The death spiral
Will IT ride today’s approach to anti-worm and anti-virus software to certain doom?
By Wayne Rash
September 12, 2003

Occasionally, an airplane pilot will perform a series of maneuvers that result in the plane entering a steep spiral from which there is no escape. Due to a number of factors, including airspeed that is too high, centrifugal forces that are too strong, and sometimes control surfaces without sufficient authority, the airplane will head inexorably downward. The end is certain and rarely pleasant, and the only means of survival for anyone inside is to parachute to safety.

Now, apply that gloomy image to your IT department. You’re under increasing pressure to do more with less. You’re lucky to have the resources to keep up with today’s threats; it’s all you can do to keep your operating systems and major applications up to date and keep your anti-virus, change detection, and other security software current.

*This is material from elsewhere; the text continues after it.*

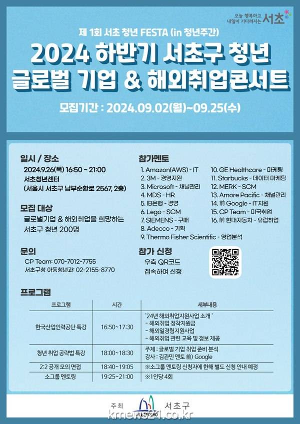전성수 서초구청장은 “서초 청년주간을 맞이해 청년들이 행복할 수 있는 다양한 프로그램들을 마련했다.”면서 “전시회를 통해 예술인으로서의 꿈을 펼치고, 경제나 취업 등 관심있는 분야에서 정보도 얻으며 의미있는 시간을 보내길 바란다.”고 말했다.
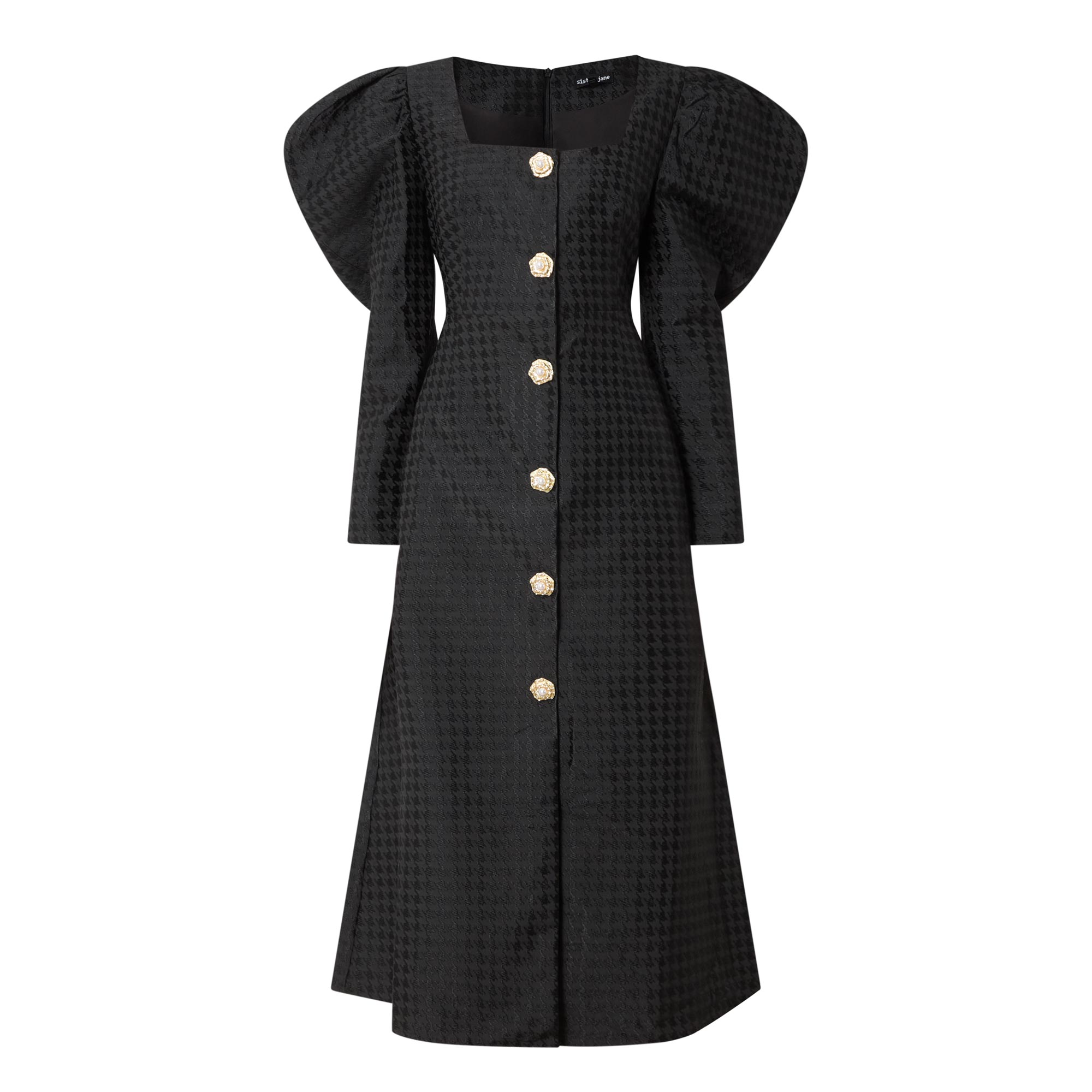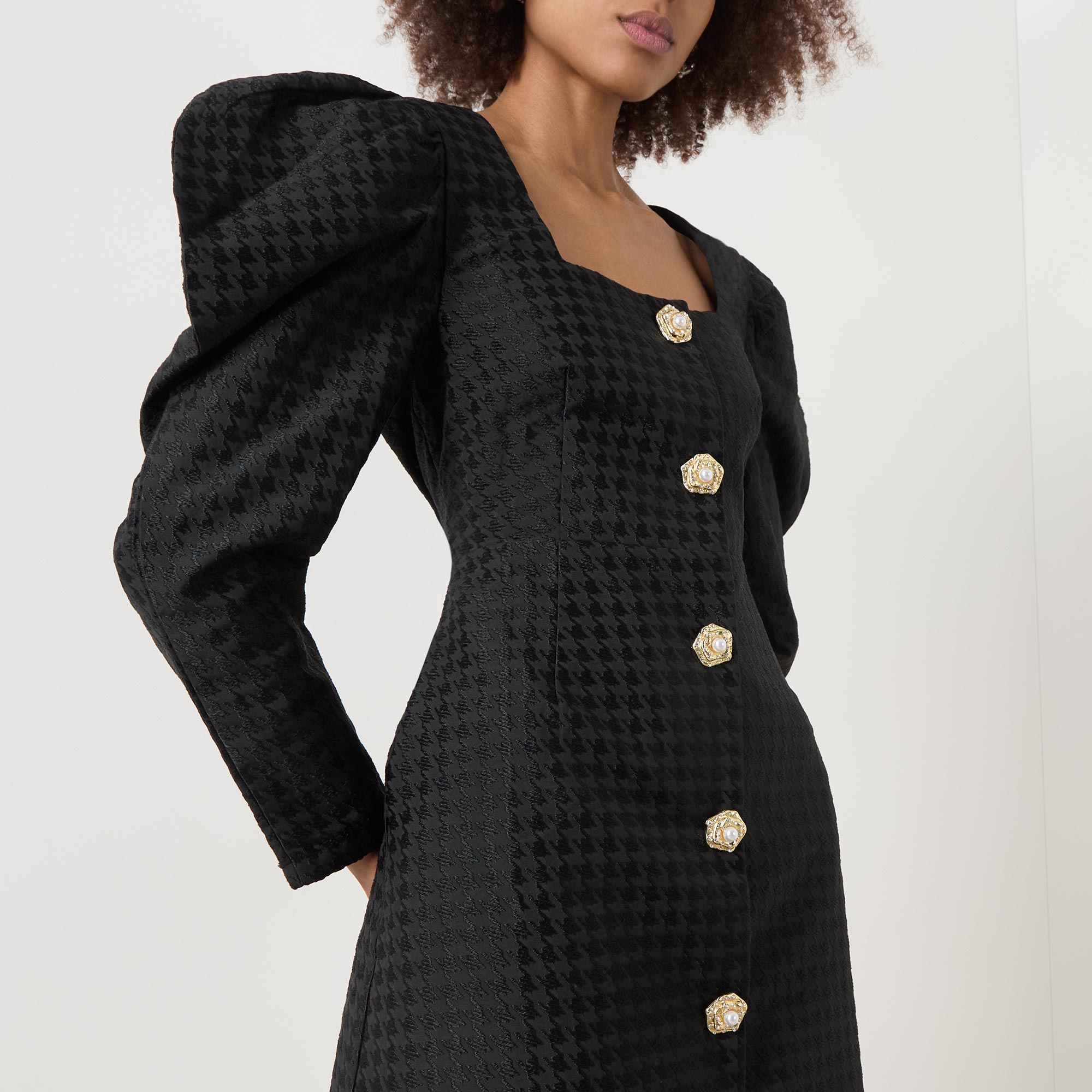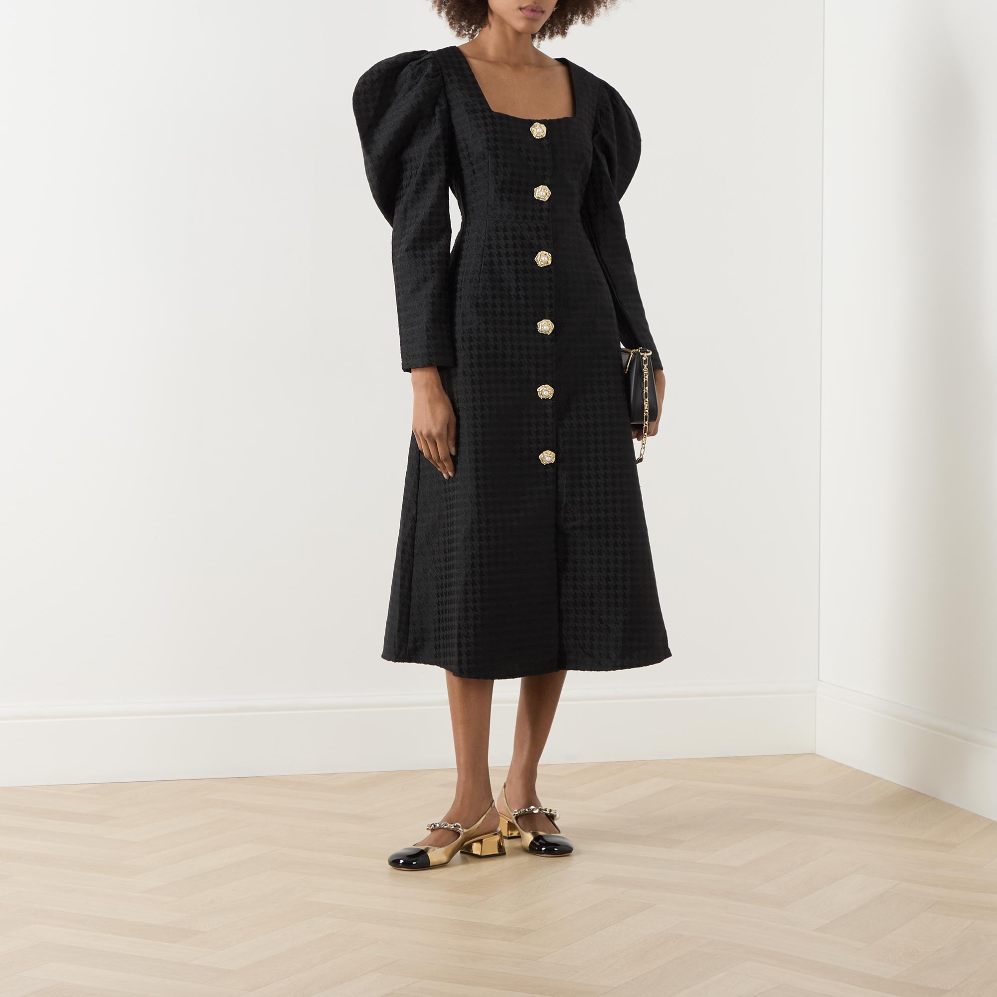 • Long puff sleeves, square-cut neckline, gold-tone button fastenings, back zip-fastening closure, jacquard pattern, flared silhouette, midi length

And then a worm or a virus (or both) gets loose. Now you have to play the game, making sure you have the necessary patches and updates before the malevolent code has its way with you. Most of the time, you win.

But you also know that the margins are getting smaller each time. As worms and viruses get more sophisticated, it takes longer to identify them and longer for the companies that create anti-virus software and OS patches to do their jobs. Meanwhile, the creators of this malware are getting vastly more efficient, so they can beat their foes at Microsoft, Symantec, Network Associates, and wherever else people staff the defenses against the Internet’s depredations.

How long will it be before the writers of malicious code win? How long before they can create worms that can spread so efficiently and so quickly that the anti-virus companies no longer have a chance? Maybe a year? Less than that?

When that point arrives, the Internet will no longer be as useful as it is now. Companies that depend on the Net for commerce, for information access, and to make life easier for their employees will be forced to cut back on their exposure to the risks of malicious code. It could mean eliminating that risk by leaving the Internet entirely.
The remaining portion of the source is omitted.